The report says $44.5 million has been collected at the two year anniversary marker. That total consists of $37.9 million in tolls, $1.8 million in Good to Go! pass revenue, another $1.5 million in other revenue and what may be a surprising number for some, $3.2 million in civil penalties.
“The revenue numbers are higher than expected for sure,” said Ed Barry, Tolling Division Director for the WSDOT.
One of the success goals set by the legislature was to collect enough revenue to pay for toll collection and administering the tolling project. It did way more than that.
According to WSDOT, operation costs for the two years were $15.7 million, which left a profit of $28.8 million dollars that, by law, must go back into road project in the I-405 corridor - which stretches from Lynnwood through Bellevue to Renton.
“This has nothing to do with, ‘we are making the roads better,’" said David Hablewitz, co-founder of Stop405Tolls.org. “It has everything to do with, ‘hey look at this cash cow,'"
Another important milestone for success set by the legislature was to keep the toll lanes moving at a minimum of 45 miles per hour at least 90 percent of peak travel periods during the morning and afternoon.
Officials told the Commission that has been happening over the last six months in at least three out of four segments of the tolls lanes.
State numbers show the threshold is happening 94 percent of the time in all northbound lanes and 96 percent of the time southbound between Bothell and Bellevue.
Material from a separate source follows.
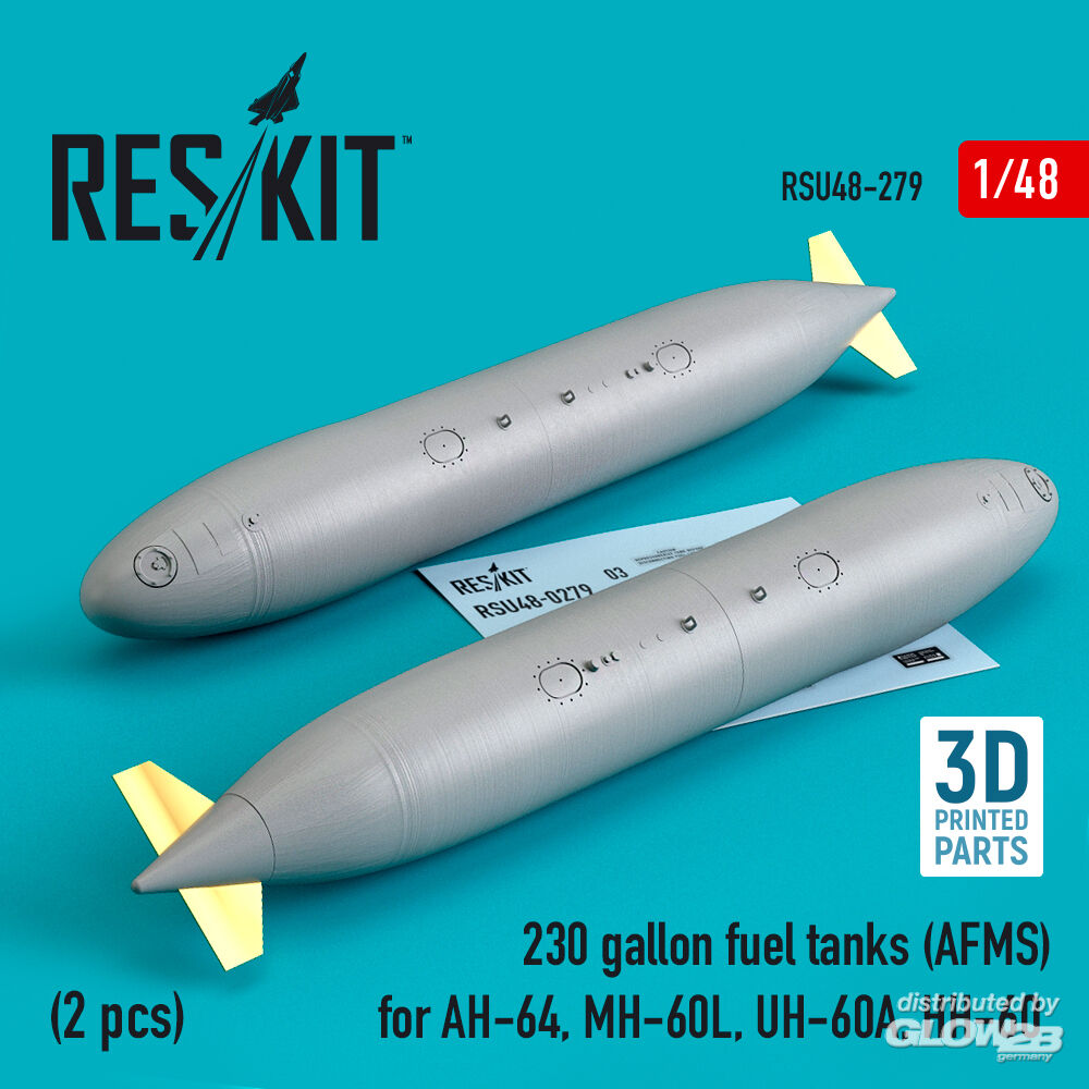 ResKit Models: 230 gallon fuel tanks (AFMS) for AH-64, MH-60L, UH-60A, HH-60 (2 pcs) (3D Printed) in 1:48 [4594202796]
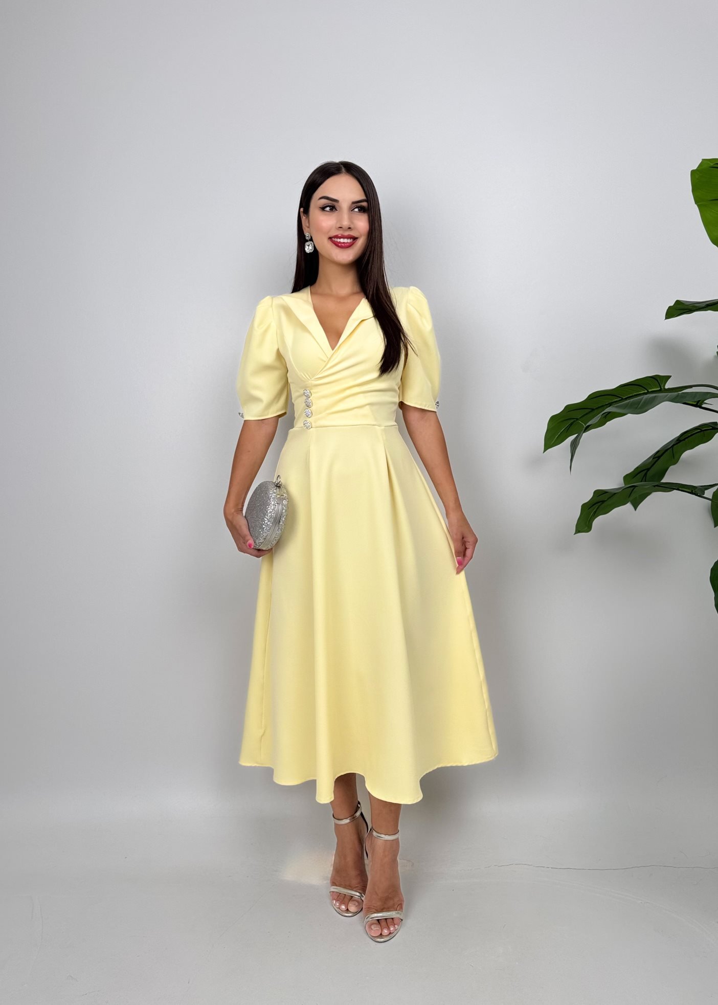 2130 CEKET YAKA BALON KOL DÜĞME DETAY ATLAS ELBİSE YELLOW - SARI

But, southbound between Lynwood and Bothell it’s happening only 63 percent during peak periods. Officials told the commission the additional shoulder lane during peak hours northbound, between Bothell and Lynwood that opened in April. helped improve northbound speeds.
Southbound doesn’t have the additional shoulder lane for general purpose traffic and that’s why the speeds are much slower officials told the commissioners.
“WSDOT is cherry picking some of these numbers, they are looking at portions of the freeway that look great,” said State Representative Mark Harmsworth (R-Mill Creek), who has been a vocal critic of tolling.
Harmsworth said the DOT has been ‘disingenuous’ in how its presenting its information.
“They are also claiming they have higher throughput on 405 because of the tolls and that's just the case,” he said.
The report say 69 percent of those tolled paid a rate between the lowest toll at $0.75 to $4, and 20 percent paid between $4 and $8. The state had said the maximum $10 toll would be a rarity when the project started.
After two years, 11 percent of people tolled paid between $8 and $10. The state reported 19.9 million tolled trips during the two-year period, and the average toll during peak periods was $2.82.
“Right now it's failing and the only way to get the speeds is to increase the tolls even further,” said Harmsworth.
He said state lawmaker will debate raising the maximum cap on tolls which is currently $10. With money to be made for road projects, it will be hard for lawmakers to overlook the profitability of the express lanes while searching for money to pay for schools.